Can you find the 40 British railway station names hidden in our puzzle?
Posted by ChrisB at 18:19, 31st January 2026
 
From the BBC

Can you spot the 40 railway stations from the cryptic clues in the picture above and get one over on Darragh Ennis from The Chase?

The brainteaser was dreamt up by Alzheimer's Research UK to encourage people to keep their minds active during free time or on their daily commute.

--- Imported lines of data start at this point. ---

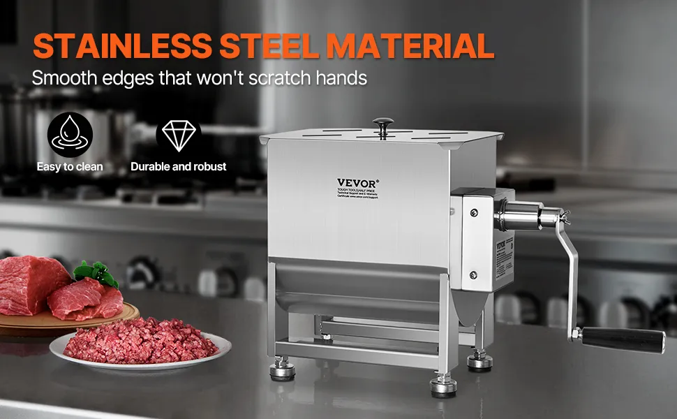 This 30 lbs meat mixer is made of durable 201 stainless steel, ensuring long-lasting strength. It is easy to operate and capable of efficiently mixing large quantities of various meats.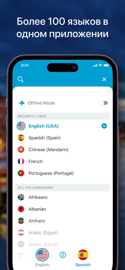 • Режим снимков: просто сфотографируй любой текст или объект, который ты хочешь перевести!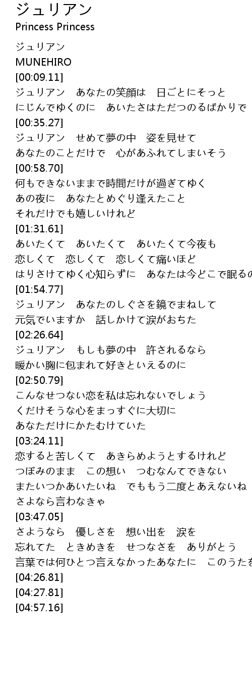 | [00:13.91] | ジュリアン あなたの笑顔は 日ごとにそっと |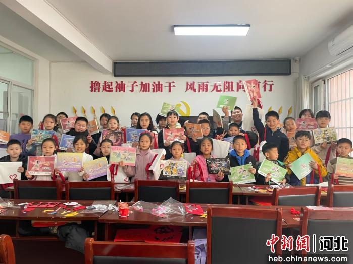 图为共青团鸡泽县委为七彩课堂的小朋友们送上暖心礼包。 孟灿 摄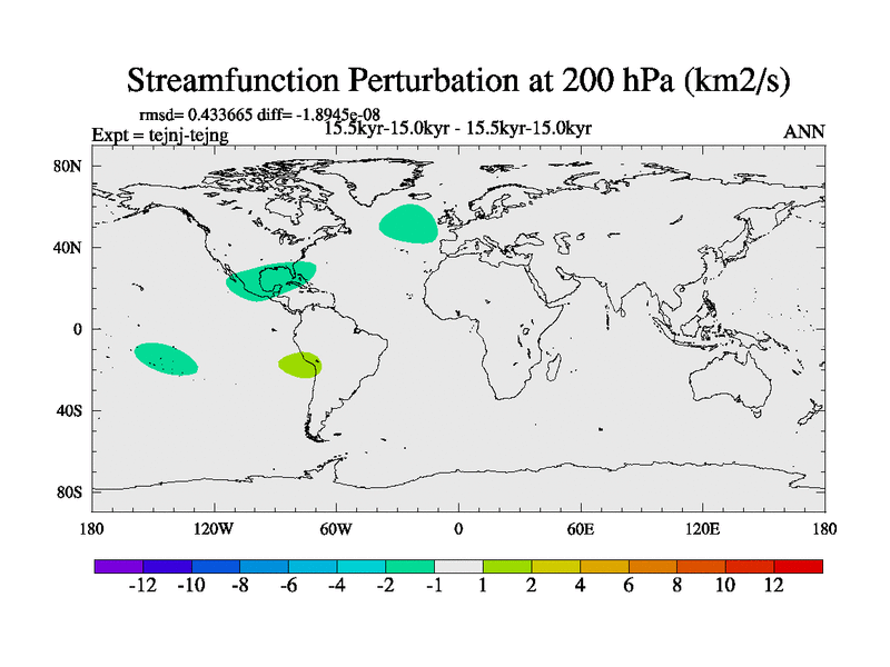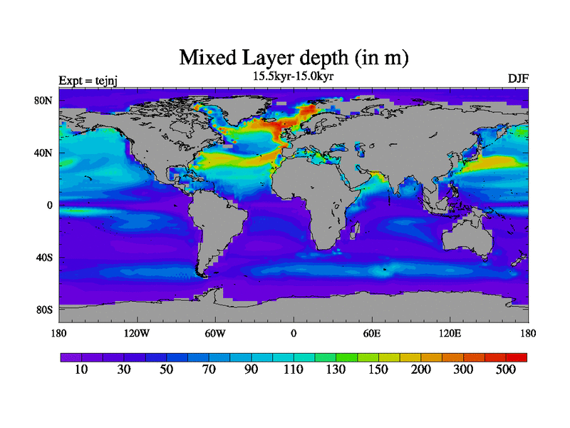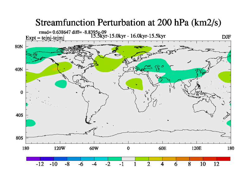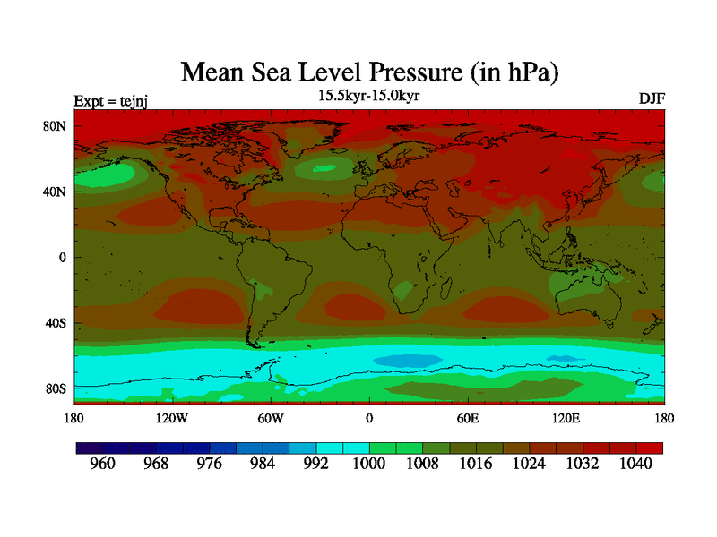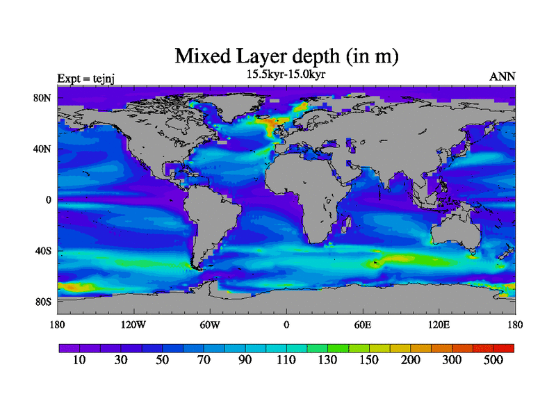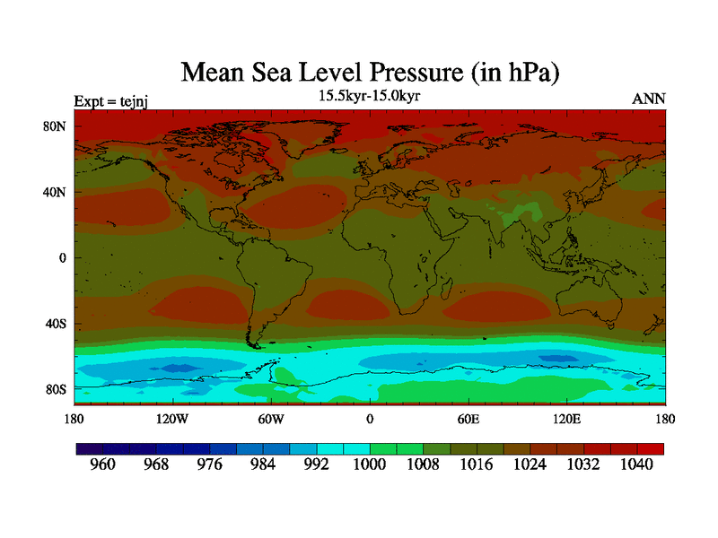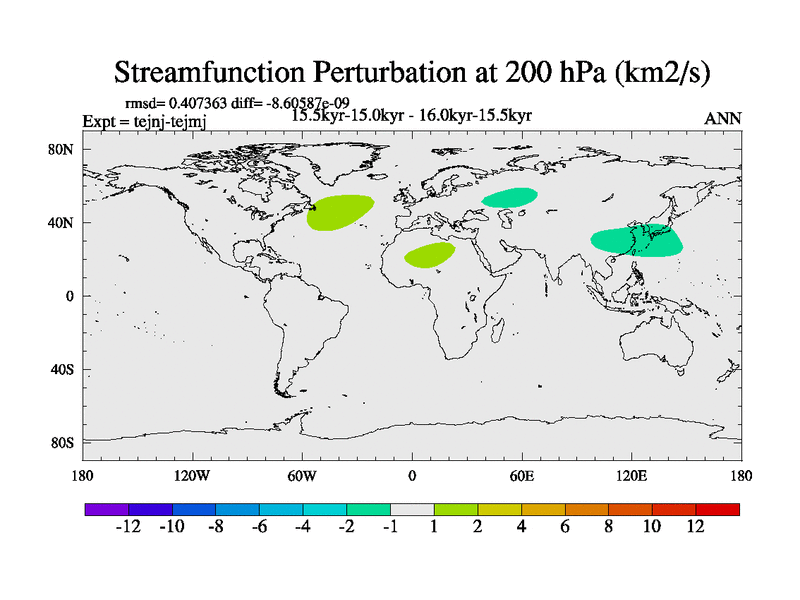 This is part of our deglaciation simulations. All forcings included except melt water fluxes. This series originally started from the tdphm spinup. Revised runoff maps, Russian rivers to Arctic. This vresion uses real meltwater fluxes. |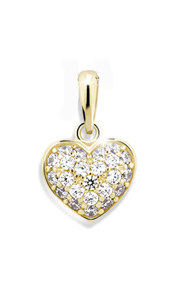 Elegantný prívesok v tvare srdca posádzaný po celom svojom povrchu bielymi zirkónmi je vyrobený zo žltého štrnástich karátového zlata 585/1000. Zlatý prívesok je vyrobený v lesklej povrchovej úprave.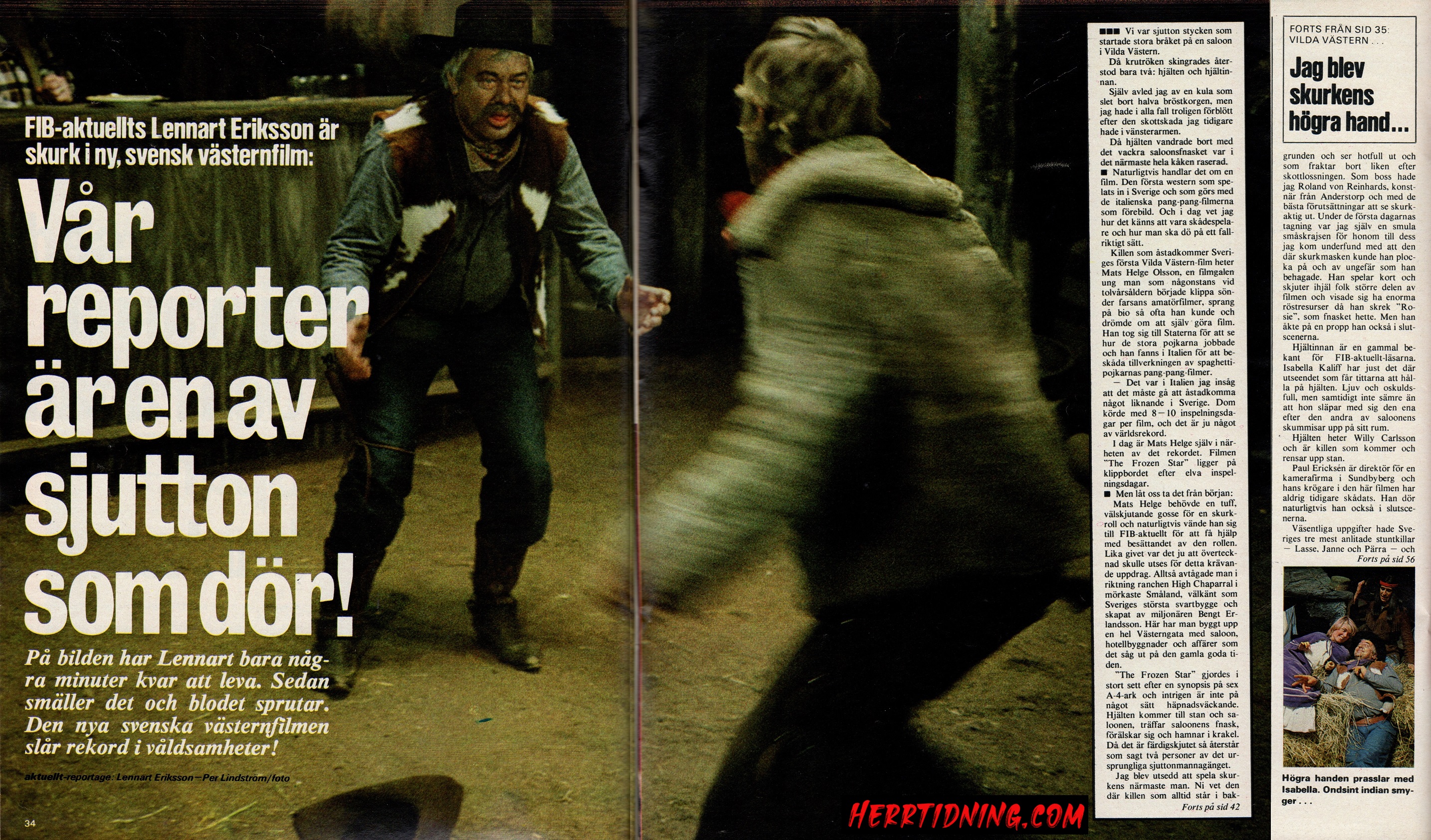 I Fib aktuellt nr 17 1974 så skriver journalisten Lennart Eriksson om när han var med på inspelningen av The frozen star som skurk.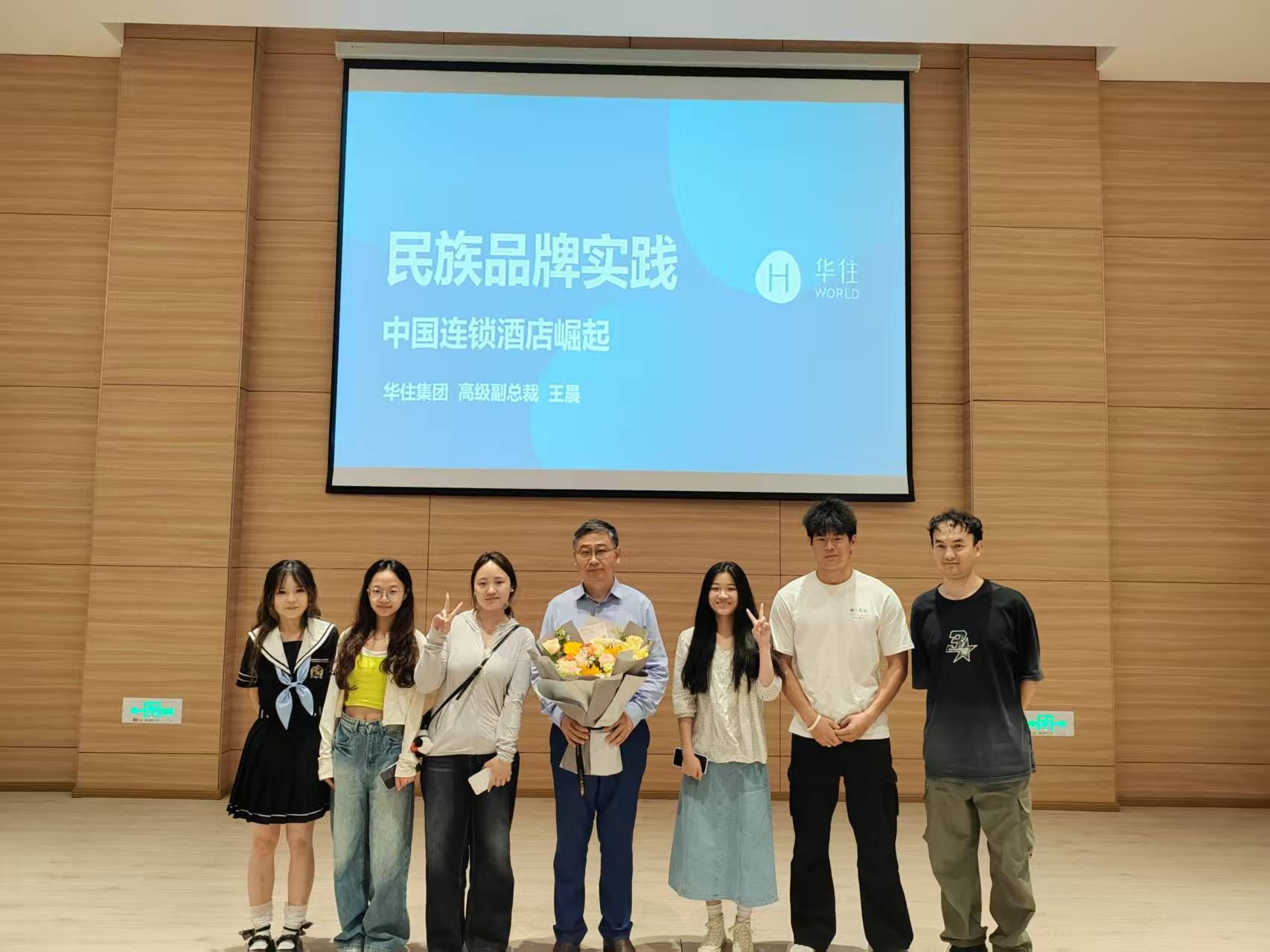王晨总在签约仪式结束后,以“民族品牌的实践——华住集团的发展之路”为主题,为同学们带来了一场精彩的分享。王晨总以华住集团的品牌建设故事为核心,为同学们呈现了华住集团如何实现品牌的升级与迭代,从一个国内品牌成为一个国际品牌。华住集团立志于在品牌建设的过程过程与一群人做点快乐的事,王晨总希望这一群人中,能有优秀的移通学子,期待能够与同学们在华住相会。
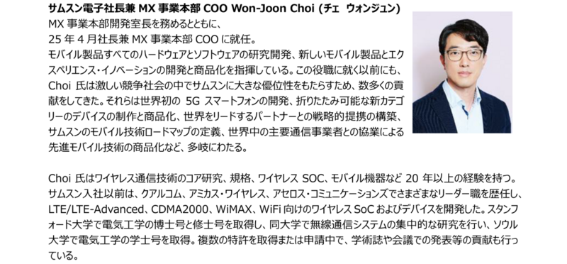 サムスン電子社長 兼 MX事業本部COO Won-Joon Choi(チェ ウォンジュン)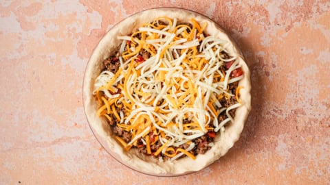- Pour the beef mixture on top of the crust. Top with the shredded cheeses and bake at 350 degrees for 25-30 minutes until the crust has browned and the cheese is melted and bubbly.

Quiz master Ennis, known on the TV show as "The Menace", saw his dad pass away in 2024 after spending his later years living with dementia.

The scientist, who studied and lives in Oxford, is hoping the puzzle can help people keep their brains "sharp" but admitted he had so far only found 32 of the 40 hidden stations from across England and Wales.

The campaign is being supported by Great Western Railway (GWR), which has been advertising it at stations including Oxford, Didcot, Newbury and Maidenhead.

Ennis said the brain was "something you have to exercise or else it gets lazy".

"If you don't use different parts of your brain for problem-solving and things like that, the synapses and the circuits don't get strengthened," he added.

He said his dad had experienced "a very gradual, slow decline".

"We started noticing quite a long time ago that his memory was going," Ennis said.

"You would sit in a room with my dad for years and sometimes you would have the same conversation 20 or 30 times.

"While that can be very frustrating, it's at least still a conversation, but for other people it's much more aggressive and they disappear completely."

Alzheimer's is the most common form of dementia, external - a condition often leading to memory loss and challenges with taking on independent tasks.

"Doing a crossword a day is not going to prevent you getting dementia if your genetics are that way or you have some other disease, but it changes the odds a little," Ennis added.

"So for something that's so small that can help keep you sharp in other ways, it's worth a try."

He said the use of technology for that purpose "isn't inherently bad".

"I do four puzzles a day before I get out of bed and they're all done on my phone - it's not the technology that's wrong, it's how we use it."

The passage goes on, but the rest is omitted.